In order for everything to work correctly, the ISE has to be launched by right-clicking "Run as Administrator", otherwise it is guarenteed that the updater application will fail at some point.
```powershell title="SeSecurityPrivilege Enablement Script"
# Create a Privilege Adjustment
$definition = @"
using System;
using System.Runtime.InteropServices;
public class Privilege
{
const int SE_PRIVILEGE_ENABLED = 0x00000002;
const int TOKEN_ADJUST_PRIVILEGES = 0x0020;
const int TOKEN_QUERY = 0x0008;
const string SE_SECURITY_NAME = "SeSecurityPrivilege";
[DllImport("advapi32.dll", SetLastError = true)]
public static extern bool OpenProcessToken(IntPtr ProcessHandle, int DesiredAccess, out IntPtr TokenHandle);
[DllImport("advapi32.dll", SetLastError = true, CharSet = CharSet.Unicode)]
public static extern bool LookupPrivilegeValue(string lpSystemName, string lpName, out long lpLuid);
[DllImport("advapi32.dll", SetLastError = true)]
public static extern bool AdjustTokenPrivileges(IntPtr TokenHandle, bool DisableAllPrivileges, ref TOKEN_PRIVILEGES NewState, int BufferLength, IntPtr PreviousState, IntPtr ReturnLength);
[StructLayout(LayoutKind.Sequential, Pack = 1)]
public struct TOKEN_PRIVILEGES
{
public int PrivilegeCount;
public long Luid;
public int Attributes;
}
public static bool EnablePrivilege()
{
IntPtr tokenHandle;
TOKEN_PRIVILEGES tokenPrivileges;
if (!OpenProcessToken(System.Diagnostics.Process.GetCurrentProcess().Handle, TOKEN_ADJUST_PRIVILEGES | TOKEN_QUERY, out tokenHandle))
return false;
if (!LookupPrivilegeValue(null, SE_SECURITY_NAME, out tokenPrivileges.Luid))
return false;
tokenPrivileges.PrivilegeCount = 1;
tokenPrivileges.Attributes = SE_PRIVILEGE_ENABLED;
return AdjustTokenPrivileges(tokenHandle, false, ref tokenPrivileges, 0, IntPtr.Zero, IntPtr.Zero);
}
}
"@
Add-Type -TypeDefinition $definition
[Privilege]::EnablePrivilege()
```
### Validate Privilege
At this point, we now have a powershell session operating with the `SeSecurityPrivilege` privilege enabled.
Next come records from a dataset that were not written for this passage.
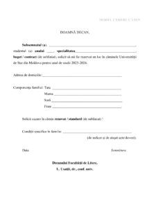 Studenții anului I pot solicita un loc în căminele USM pe perioada anului academic 2023-2024, expediind anexat o cerere și documentele specificate în modelul de cerere pe adresa litere@usm.md până la data de 27 august 2023.  Model cerere: camin cerere 2023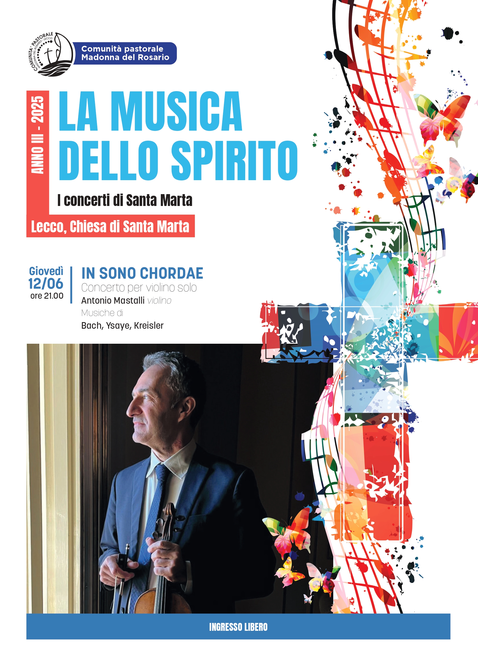 Proseguono i “Concerti di Santa Marta” Giovedì 12 giugno alle 21:00 presso la Chiesa di Santa Marta, con “In sono chordae”, concerto per violino con Antonio Mastalli e musiche di Bach, Ysaye, Kreisler.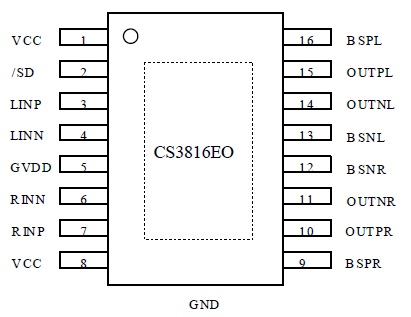 產(chǎn)品名稱: CS3816(無(wú)電感15W立體聲D類音頻功放IC)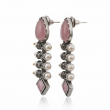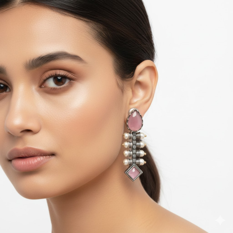 Enhance your ethnic look with these stunning oxidised silver plated earrings, designed with a unique blend of traditional detailing and modern charm. The earrings feature a soft pink teardrop stone at the top, adorned with intricate metalwork and lined with elegant pearl beads along the sides. A matching pink square stone at the bottom completes the design, adding balance and sophistication. Lightweight and skin-friendly, these earrings make the perfect accessory for festivals, celebrations, and daily glam.

We want to confirm this by running the following commands:
```powershell
whoami # (1)
whoami /priv # (2)
```
1. Output will appear similar to "bunny-lab\nicole.rappe", prefixing the username of the person running the command with the domain they belong to.
2. Reference the privilege table seen below to validate the output of this command matches what you see below.
| **Privilege Name** | **Description** | **State** |
| :--- | :--- | :--- |
| `SeSecurityPrivilege` | Manage auditing and security log | Enabled |
### Execute `setup.exe`
Finally, at the last stage, we mount the ISO file for the Cumulative Update ISO (e.g. 6.6GB ISO image), and using this powershell session we made above, we navigate to the drive it is running on, and invoke setup.exe, causing it to run under the `SeSecurityPrivilege` operational state.
```powershell
D: <ENTER> # (1)
.\Setup.EXE /m:upgrade /IAcceptExchangeServersLicenseTerms_DiagnosticDataON # (2)
```
1. Replace this drive letter with whatever letter was assigned when you mounted the ISO image for the Exchange Updater.
2. This launches the Exchange updater application. Be patient and give it time to launch. At this point, you should be good to proceed with the update. You can optionally change the argument to `/IAcceptExchangeServersLicenseTerms_DiagnosticDataOFF` if you do not need diagnostic data.
!!! success "Ready to Proceed with Updating Exchange"
At this point, after doing the three sections above, you should be safe to do the upgrade/update of Microsoft Exchange Server. The installer will run its own readiness checks for other aspects such as IIS Rewrite Modules and will give you a link to download / upgrade it separately, then giving you the option to "**Retry**" after installing the module for the installer to re-check and proceed.
## Post-Update Health Checks
After the update(s) are installed, you will likely want to check to ensure things are healthy and operational, validating mail flow in both directions, running `Get-Queue` to check for backlogged emails, etc.
!!! note "Under Construction"
This section is under construction and will be based on some feedback from others to help build the section out.